- Supplied material:
______

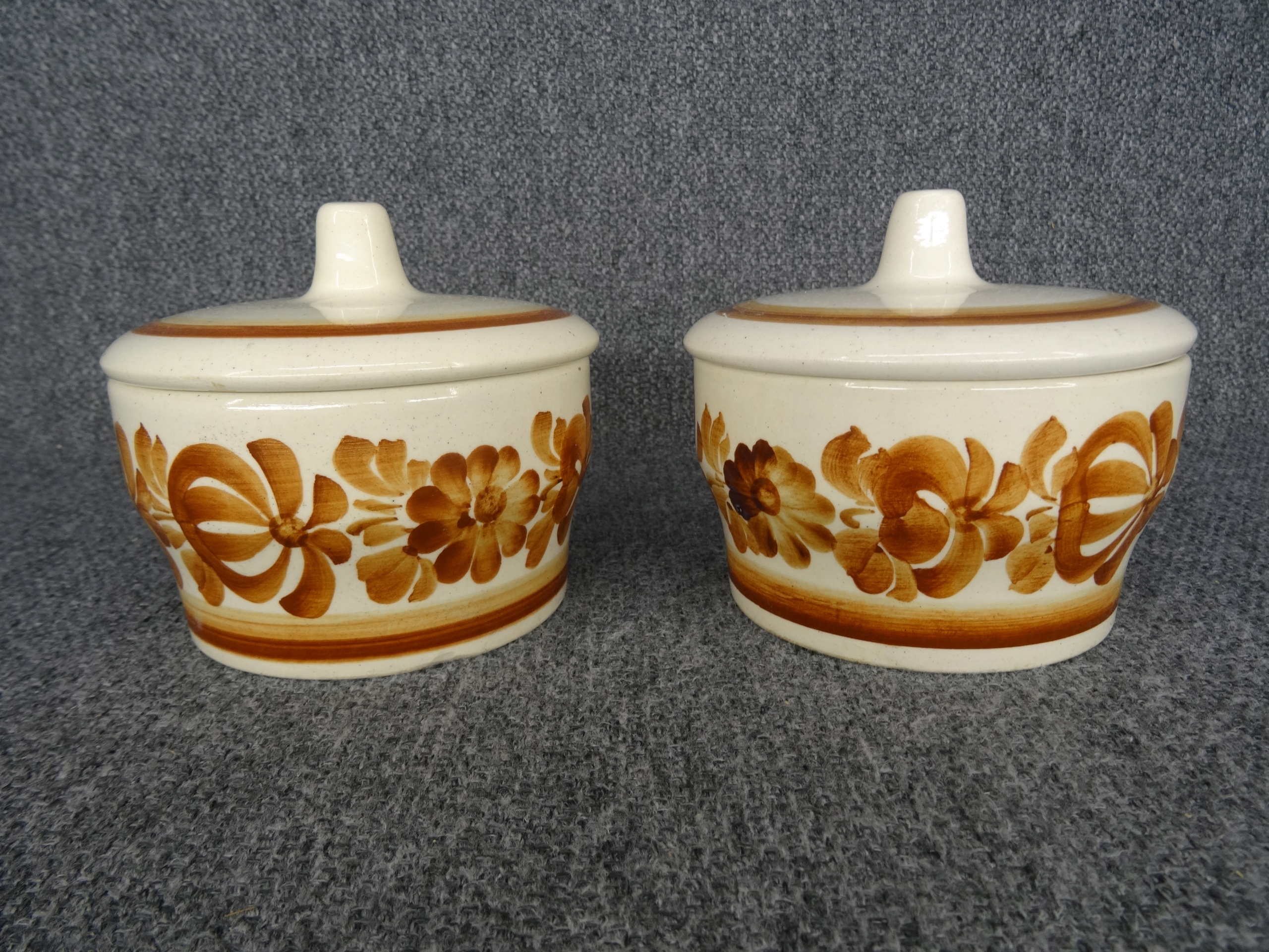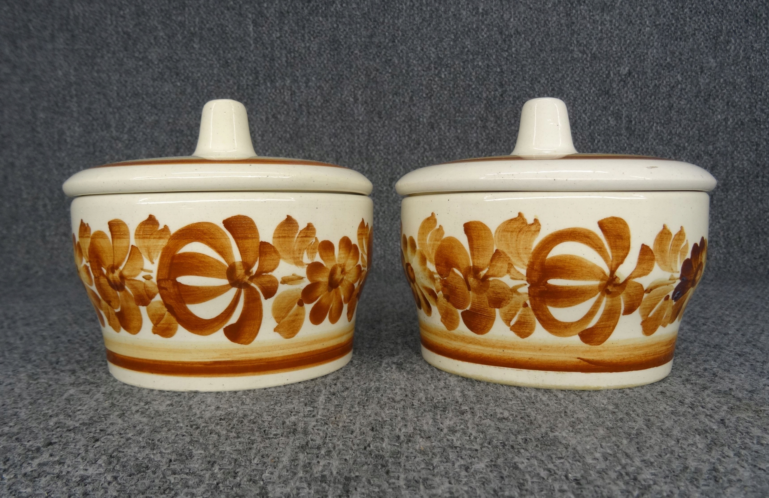Набор из 2-х предметов КУХОННЫХ КОНТЕЙНЕРОВ, фаянс Влоцлавек. Изделия с ручной росписью. На дне сосудов клеймо художницы Мариолы Ульрих.
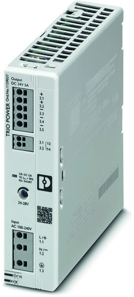 Primär getaktete Stromversorgung, TRIO POWER, Push-in-Anschluss, Tragschienenmontage, Eingang: 1-phasig, Ausgang: 24 V DC / 5 A, einstellbar von 24 V DC ... 28 V DC
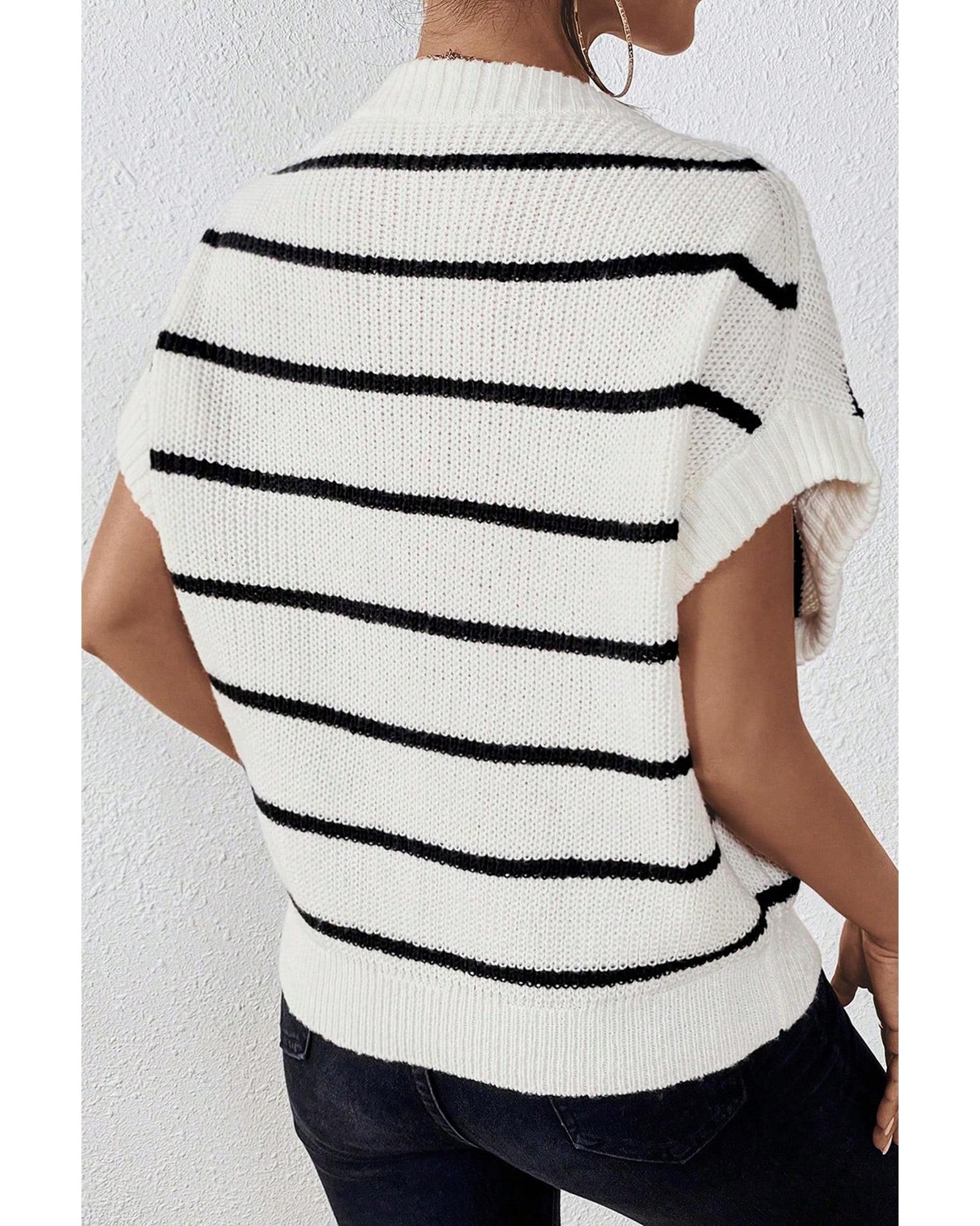 White Stripe Striped Pattern Batwing Sleeve Sweater – XL
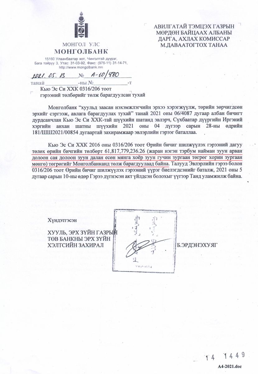 Мөрдөгчийн мэдэгдэл, шаардлагын дагуу Монголбанкны талаас гэрээг цуцалж “Кью Эс Си” ХХК-иас үндсэн болон хүүгийн төлбөрийг төлүүлэх замаар төрд учирсан хохирлыг нөхөн төлүүлэх ажиллагааг явуулж эхэлсэн. Төрийн байгууллагуудын хамтын ажиллагааны үр дүнд тус компани 2021 оны 5 дугаар сарын 6-ны өдөр сүүлийн төлбөр болох 61.8 тэрбум төгрөгийг шилжүүлснээр нийт 123.5 тэрбум төгрөгийн хохирол бүрэн төлөгдлөө.

______

- Work order: An exact copy of the material above is required, free of any pictures.

- Reply:
Набор из 2-х предметов КУХОННЫХ КОНТЕЙНЕРОВ, фаянс Влоцлавек. Изделия с ручной росписью. На дне сосудов клеймо художницы Мариолы Ульрих.
 Primär getaktete Stromversorgung, TRIO POWER, Push-in-Anschluss, Tragschienenmontage, Eingang: 1-phasig, Ausgang: 24 V DC / 5 A, einstellbar von 24 V DC ... 28 V DC
 White Stripe Striped Pattern Batwing Sleeve Sweater – XL
 Мөрдөгчийн мэдэгдэл, шаардлагын дагуу Монголбанкны талаас гэрээг цуцалж “Кью Эс Си” ХХК-иас үндсэн болон хүүгийн төлбөрийг төлүүлэх замаар төрд учирсан хохирлыг нөхөн төлүүлэх ажиллагааг явуулж эхэлсэн. Төрийн байгууллагуудын хамтын ажиллагааны үр дүнд тус компани 2021 оны 5 дугаар сарын 6-ны өдөр сүүлийн төлбөр болох 61.8 тэрбум төгрөгийг шилжүүлснээр нийт 123.5 тэрбум төгрөгийн хохирол бүрэн төлөгдлөө.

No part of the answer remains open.